- **The input**
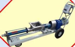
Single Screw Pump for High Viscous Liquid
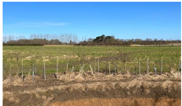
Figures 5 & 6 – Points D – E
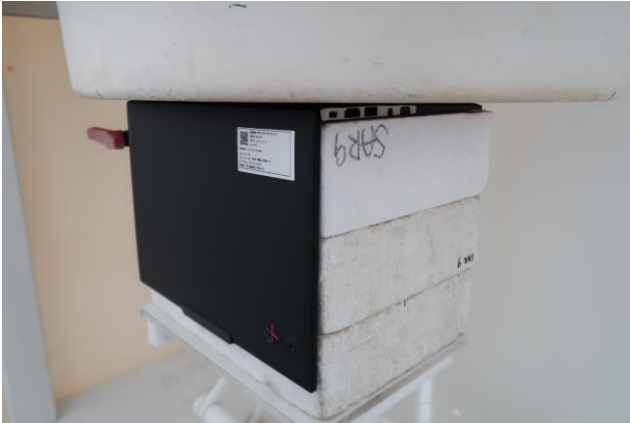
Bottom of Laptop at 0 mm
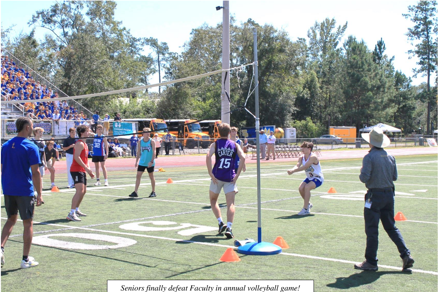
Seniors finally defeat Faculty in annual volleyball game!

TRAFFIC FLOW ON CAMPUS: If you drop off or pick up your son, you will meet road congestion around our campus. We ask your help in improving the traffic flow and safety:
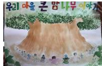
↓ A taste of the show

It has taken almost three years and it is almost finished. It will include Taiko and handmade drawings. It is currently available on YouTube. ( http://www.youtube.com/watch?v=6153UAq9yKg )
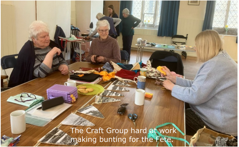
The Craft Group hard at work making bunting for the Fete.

* * *

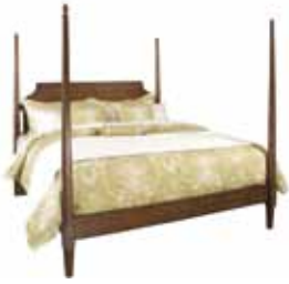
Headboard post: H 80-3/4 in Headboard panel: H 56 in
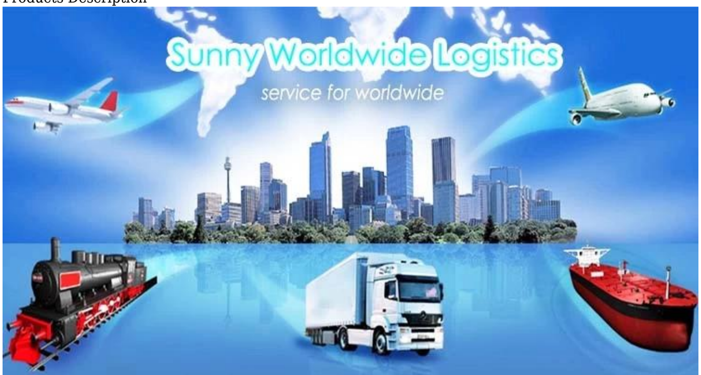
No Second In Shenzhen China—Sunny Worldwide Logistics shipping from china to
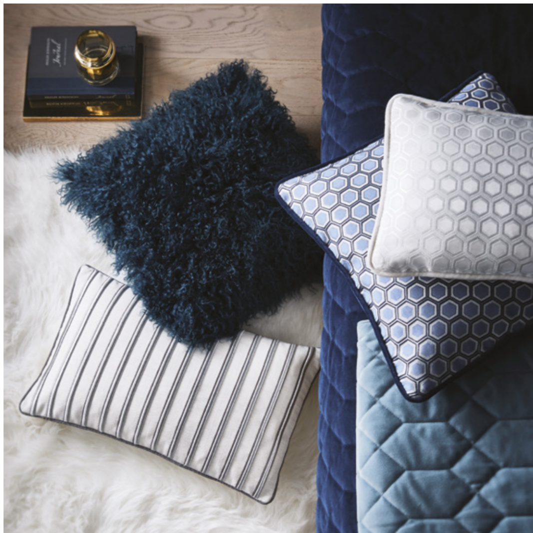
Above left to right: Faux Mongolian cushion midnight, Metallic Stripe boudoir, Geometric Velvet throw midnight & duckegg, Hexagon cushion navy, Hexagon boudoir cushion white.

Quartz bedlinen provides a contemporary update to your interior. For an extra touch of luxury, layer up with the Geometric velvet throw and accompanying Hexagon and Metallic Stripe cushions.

- **Required work**
Lines wanted from the entries above: the one with "Headboard post: H", the one with "Quartz bedlinen provides", and all lines between. Please copy them exactly, without the pictures and without anything else.

- **Exercise result**
Headboard post: H 80-3/4 in Headboard panel: H 56 in
No Second In Shenzhen China—Sunny Worldwide Logistics shipping from china to
Above left to right: Faux Mongolian cushion midnight, Metallic Stripe boudoir, Geometric Velvet throw midnight & duckegg, Hexagon cushion navy, Hexagon boudoir cushion white.

Quartz bedlinen provides a contemporary update to your interior. For an extra touch of luxury, layer up with the Geometric velvet throw and accompanying Hexagon and Metallic Stripe cushions.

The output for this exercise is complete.